Figure 2. The potential role of miRNAs in the attenuated myogenic process in the elderly. Let-7b and let-7e may contribute to the inhibition of satellite cell activation and proliferation via downregulating cell cycle regulators CKD6, CDC25A, and CDC34. In addition miR-181a may inhibit ActRIIA (activin type IIa receptor) and as a consequence permit activation of the proliferation inhibitors SMAD2/3. The combination of miR-221 and miR-698 further inhibits proliferation by down regulating various MRFs and driving terminal differentiation of the myocytes. Anabolic stimulus is known to reduce miR-1. Failure to downregulate miR-1 in elderly skeletal muscle following anabolic stimulation may contribute to anabolic resistance in mature myotubes via inhibition of IGF-1/Akt signaling., ↑ = stimulatory pathway; or, T = inhibitory pathway; ↑, upregulated miRNA; ↓, downregulated miRNA; ?, cause-and-effect relationship not established.
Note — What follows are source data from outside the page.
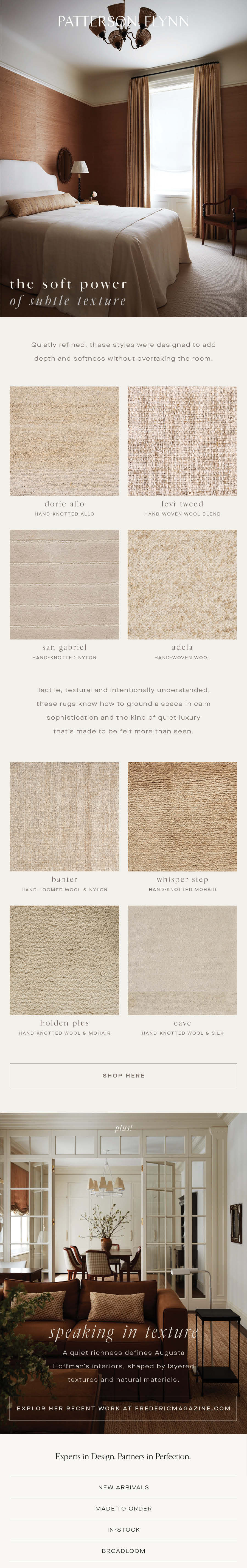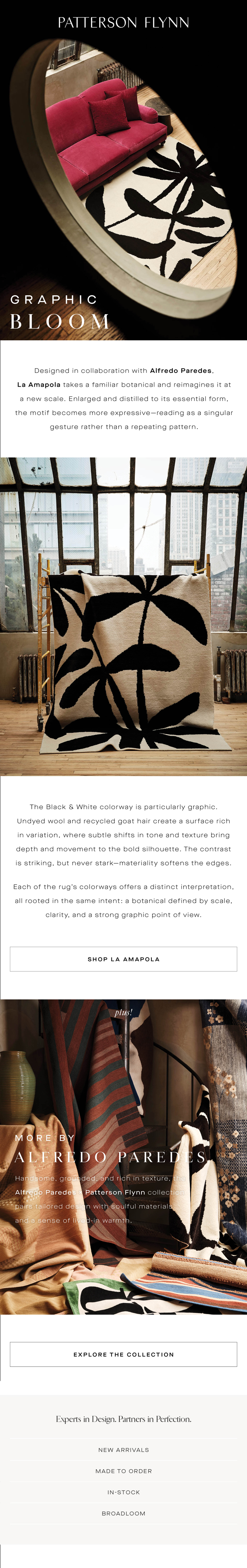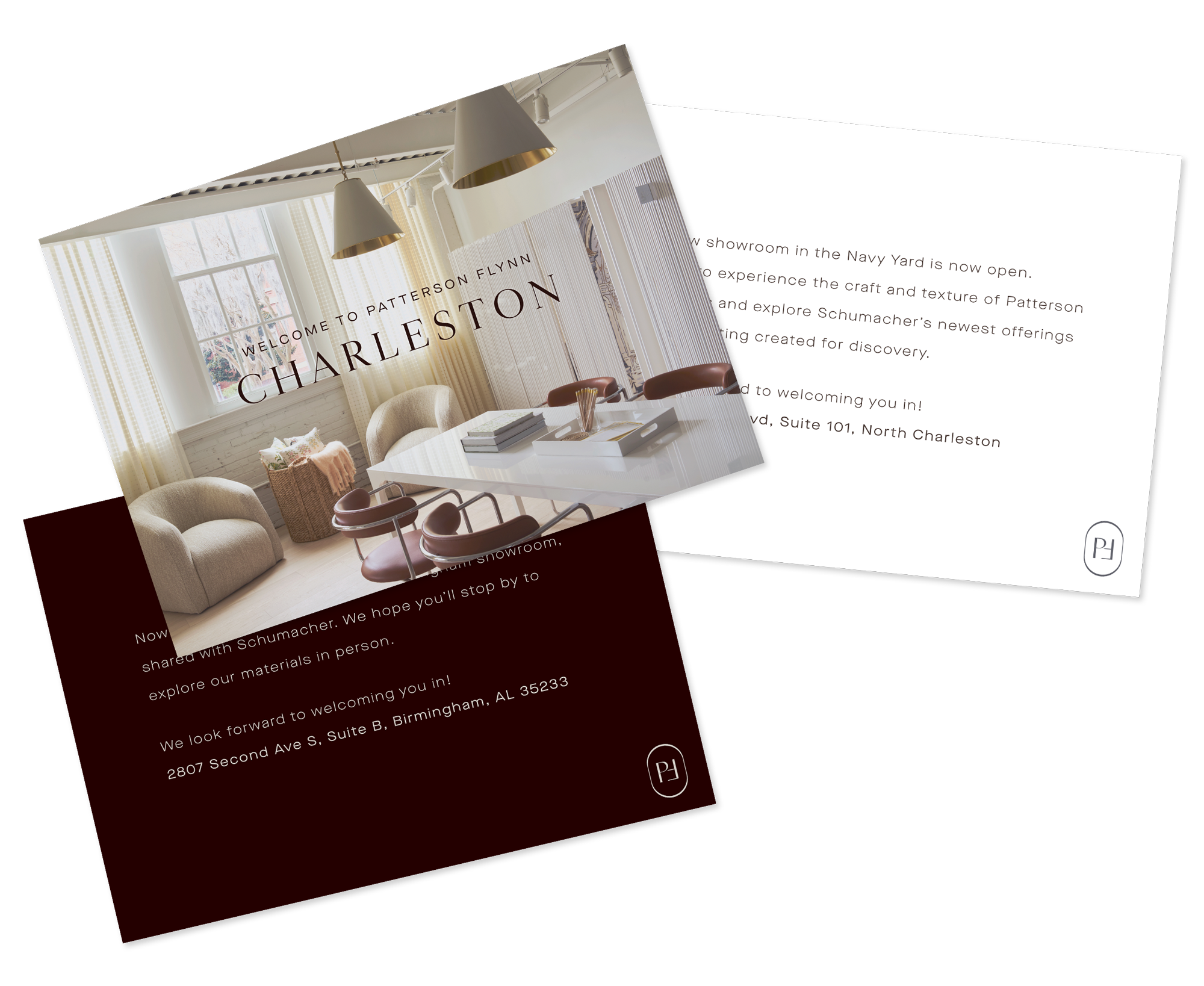For designer collaborations, an initial email campaign was developed, followed by supporting marketing assets. Each collaboration incorporated specific interior design styles. The branding was thoughfully tailored to reflect the visual identity of the designer while remaining aligned with Patterson Flynn’s brand.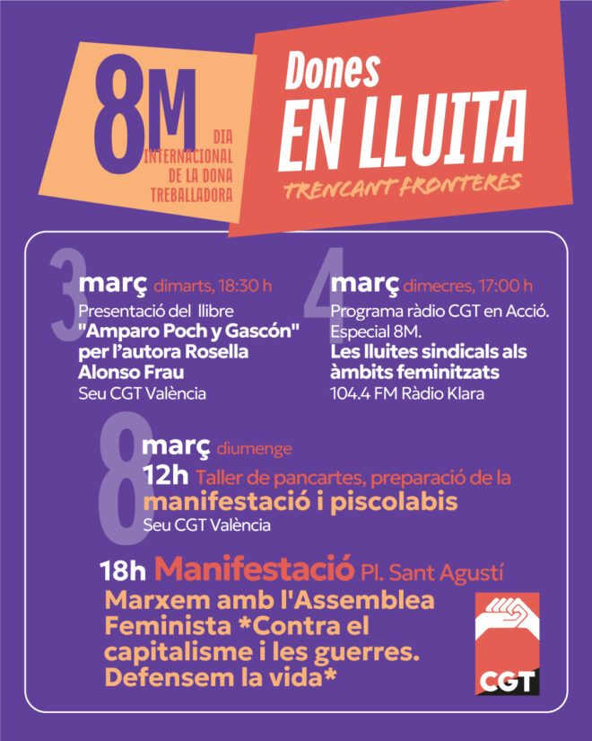 - Dimarts 3M 18:30 hores: Presentació del Llibre “Amparo Poch y Gascón. La ciència i la paraula al servei de la revolució” A càrrec de l’autora Rosella Alonso Frau. CGT València. Av. del Cid, 154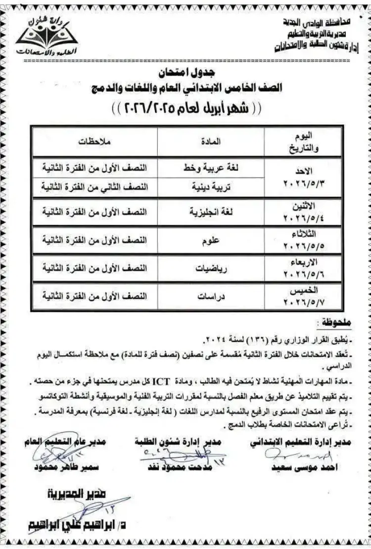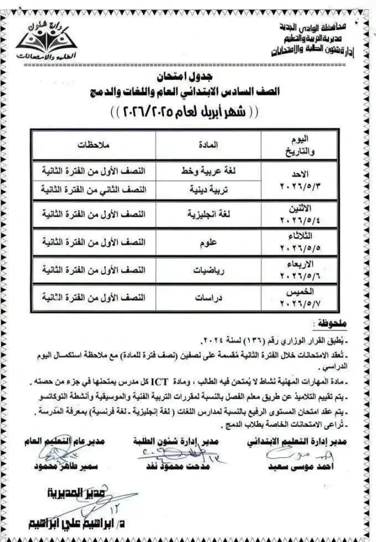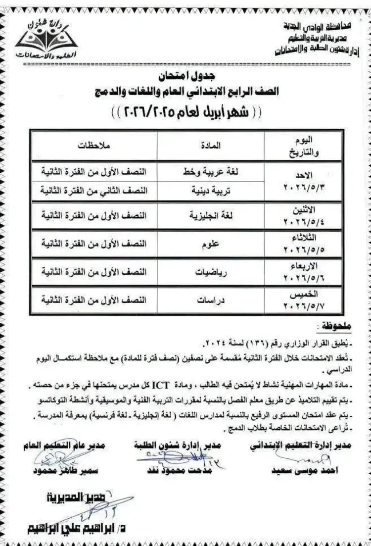جدول امتحانات شهر أبريل الصف الرابع والخامس والسادس الابتدائي محافظة الوادي الجديد 2026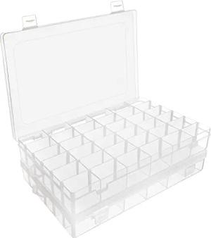 2 Stk Sortierboxen für Kleinteile aus Durchsichtigem Kunststoff – 27,3 x 17,6 x 4,3 cm – 36 Herausnehmbare/Verstellbare Fächer – Für Kleinteile, Schrauben, Nähzubehör & Bügelperlen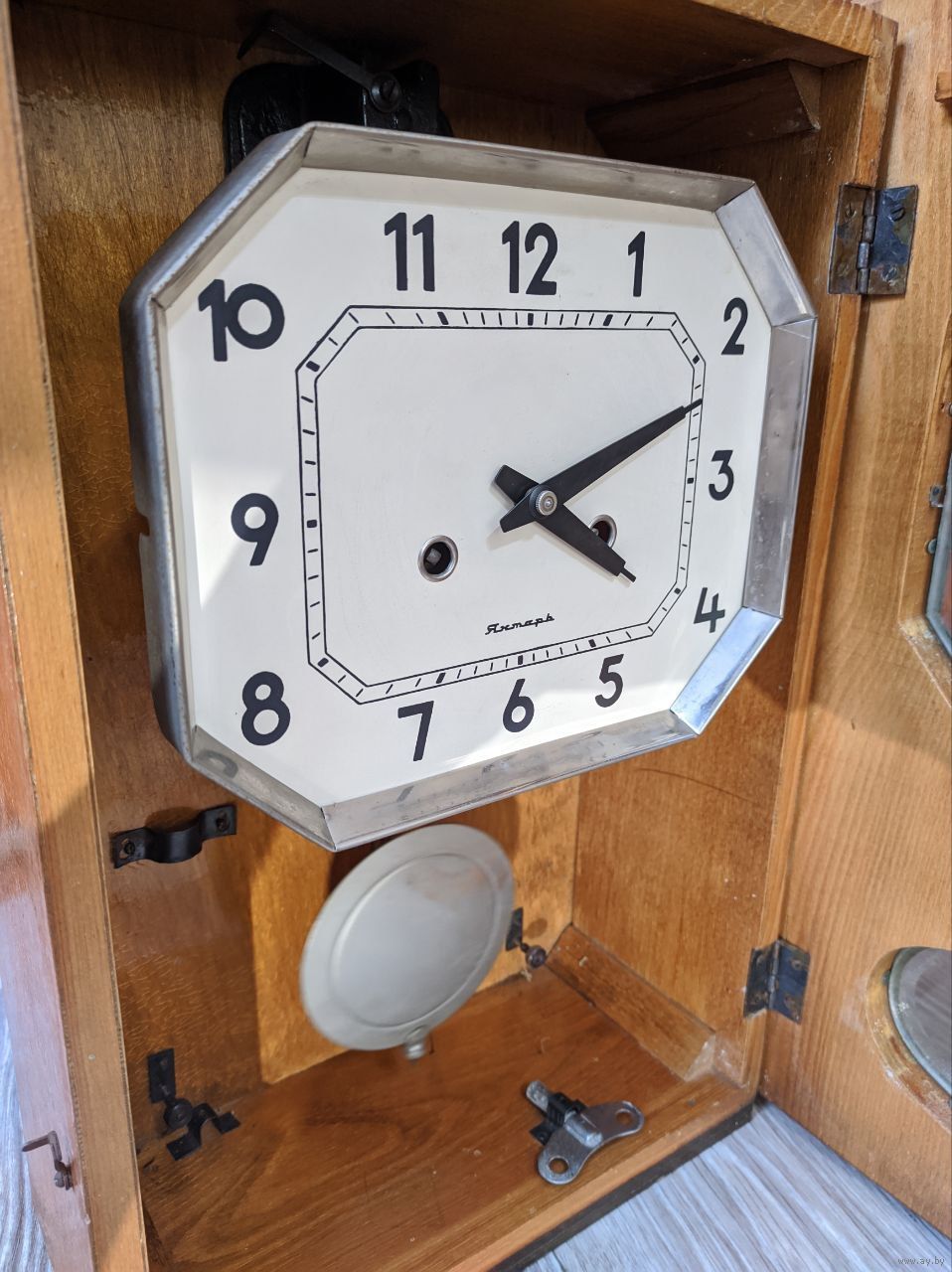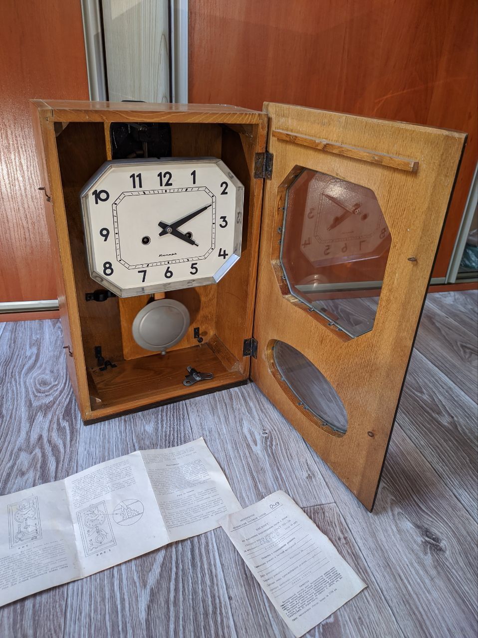 Часы настенные с боем Янтарь СССР 1968г. Хранились в сухом месте. Работают исправно. Инструкция в наличии. Бой через полчаса и каждый час. В два часа - бой два раза, в три- три раза т.п., полчаса просто перезвон

The most natural way to promote muscle growth is by ingesting good quality protein and engaging in resistance exercise training which is able to stimulate muscle protein synthesis (Yarasheski et al., 1993; Hasten et al., 2000; Drummond et al., 2008a; Katsanos et al., 2008; Kumar et al., 2009; Symons et al., 2009). However, elderly subjects demonstrate an impaired protein synthetic response to resistance exercise (Cuthbertson et al., 2005; Kumar et al., 2009). To date, only one study has investigated the expression of miRNAs in young and old subjects following a protein-stimulating intervention protocol (Drummond et al., 2008b). MiR-1, miR-133a and miR-206 were measured in the muscle of young and old subjects following an acute bout of resistance exercise and ingestion of essential amino acids (EAA). Only miR-1 expression was reduced in the young, but not the old subjects, 3 and 6 h post-exercise and EAA ingestion. A regulatory role for miR-1 as an IGF-1 inhibitor has previously been established (McCarthy and Esser, 2007; Elia et al., 2009). Failure to downregulate miR-1 in elderly subjects following an acute bout of resistance exercise and EAA ingestion may be partially responsible for the attenuated muscle protein synthesis in response to anabolic stimuli. However, more miRNA targets need to be investigated to fully appreciate the role of miRNAs in age-related muscle wasting and to understand the potential mechanisms attenuating protein synthesis following resistance exercise.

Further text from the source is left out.